When running analyses in the cloud, it's essential that you can monitor your resource usage. Understanding whether your analyses may be hitting resource limits and may perform better on a bigger machine, or aren't utilising all of the resources available and could be run more cost effectively on a smaller machine, is crucial in ensuring your analyses are running as efficiently as possible and making the most of your valuable cloud dollars.
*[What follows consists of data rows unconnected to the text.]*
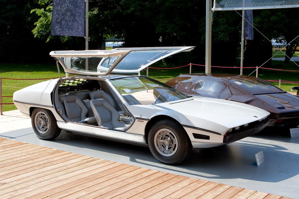 Presented at Geneva in 1967, the Marzal Concept offered Bertone's new chief designer Marcello Gandini the first opportunity to fully step out of the shadow of Giorgietto Giugiaro, who still had had a hand in Gandini's earlier designs including the Miura. The striking Marzal Concept was to some extent a four-seater version of the mid-engined Miura but with dramatic new lines and a bespoke engine. What the Marzal shared with the Miura was the box-section steel chassis that had been first shown to the public at the Turin show in 1965. The only real change was a slight increase of the wheelbase.
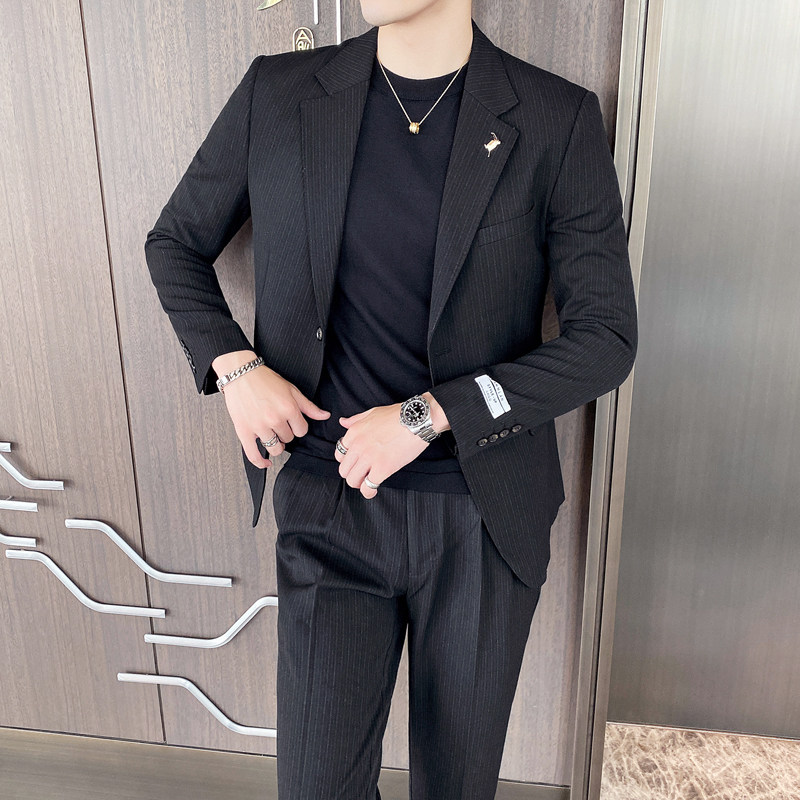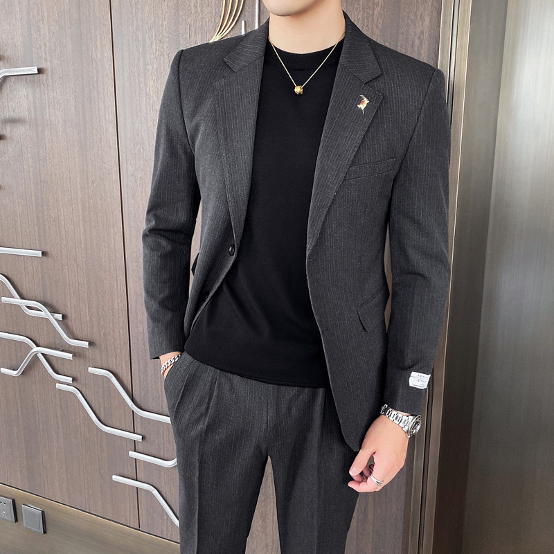 OECANA men's casual suit suit men's Korean version of the slim suit British stripe trend suit two-piece suit
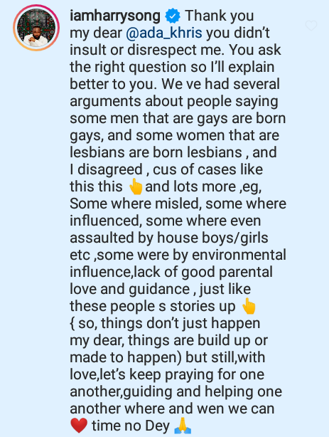 We have had several arguments about people saying some men that are gays are born gays and some women that are lesbians are born lesbians. I disagree cus of cases like this and much more. eg, some were misled, some were influenced, some were even assaulted by houseboys/girls etc,” he stated.
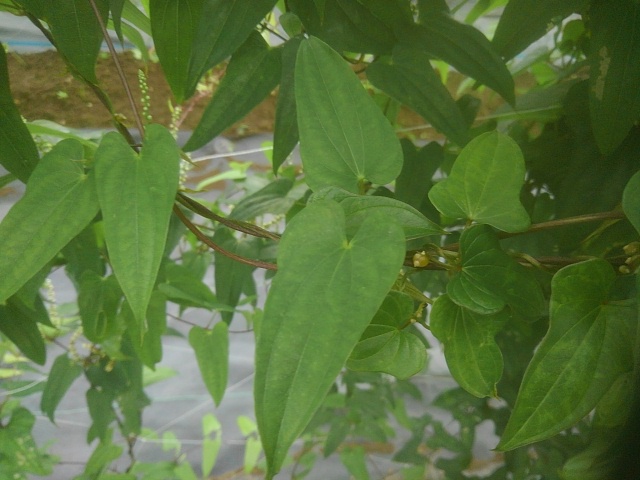 相変わらず雨の毎日です。圃場の様子を見てきました。茎葉は茂って中には花を付けているものや小さなむかごを付けているものもあります。
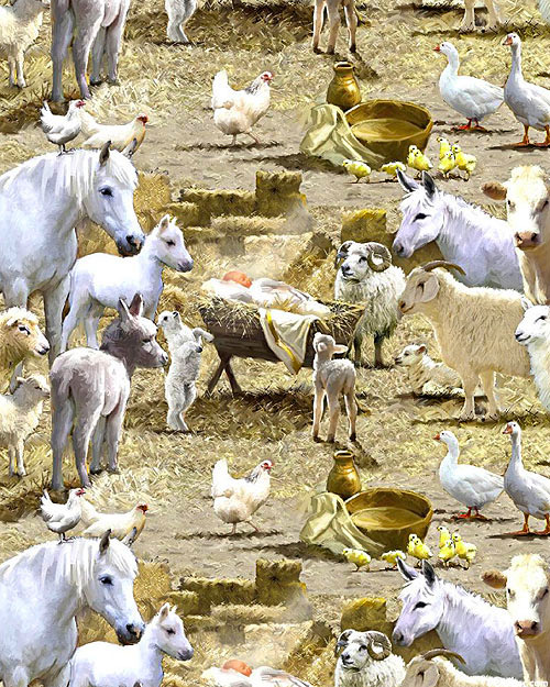 Baby Jesus is surrounded by all the animals of the manger he was born in including horses, lambs, sheep, goats, geese, and mules. Digitally printed, larger horses are about 2-3/4", from the 'Let Us Adore Him' collection by The MacNeil Studio for 3 Wishes Fabric.

Simple real-time monitoring tools like htop (which already comes preconfigured on every RONIN machine) are great for sporadically checking resource usage. But what about when you want to get a more detailed overview of the compute resources used throughout an entire analysis?
Well, look no further than Netdata.
What is Netdata?
Netdata collects hundreds of metrics from your machine and displays them in beautiful, interactive, easy-to-interpret graphs:
You can now install and connect to Netdata with a single button click in RONIN LINK.
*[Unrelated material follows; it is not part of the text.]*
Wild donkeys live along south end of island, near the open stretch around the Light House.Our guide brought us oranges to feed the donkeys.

Installing Netdata on your RONIN machine is as easy as entering the following command in your machine terminal and following the prompts:
bash <(curl -Ss https://my-netdata.io/kickstart.sh)
Then, to connect to Netdata, ensure your machine is open in RONIN LINK, click the "connect to machine" button, enter 19999 in the "link an app" section and click link.
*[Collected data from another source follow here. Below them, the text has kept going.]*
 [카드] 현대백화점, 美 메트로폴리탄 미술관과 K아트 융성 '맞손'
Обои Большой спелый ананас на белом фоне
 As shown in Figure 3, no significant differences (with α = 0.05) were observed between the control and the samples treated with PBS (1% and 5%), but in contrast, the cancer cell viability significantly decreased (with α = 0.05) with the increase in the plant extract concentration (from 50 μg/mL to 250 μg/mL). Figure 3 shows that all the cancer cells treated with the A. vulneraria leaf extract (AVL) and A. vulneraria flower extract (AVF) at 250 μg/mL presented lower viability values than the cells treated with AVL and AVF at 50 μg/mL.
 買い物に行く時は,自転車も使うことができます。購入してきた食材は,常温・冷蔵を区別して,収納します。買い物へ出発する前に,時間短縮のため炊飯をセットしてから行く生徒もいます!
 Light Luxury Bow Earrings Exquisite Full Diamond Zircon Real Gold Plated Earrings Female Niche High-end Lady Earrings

Your fancy new monitoring system should open in a new browser window. Get to know Netdata's dashboard with the following guide: https://learn.netdata.cloud/guides/step-by-step/step-02
GPU monitoring is not enabled by default in Netdata, but Netdata does provide the option to monitor NVIDIA GPU performance metrics via the
nvidia-smi tool. If you are using a GPU instance and would like to enable GPU monitoring in Netdata follow the steps below:
1. Check whether you already have the
nvidia-smi tool installed by running the following command on your machine:
which nvidia-smi. If there is no result you will need to install the correct NVIDIA driver for your instance type following steps 2-10, otherwise continue to step 11.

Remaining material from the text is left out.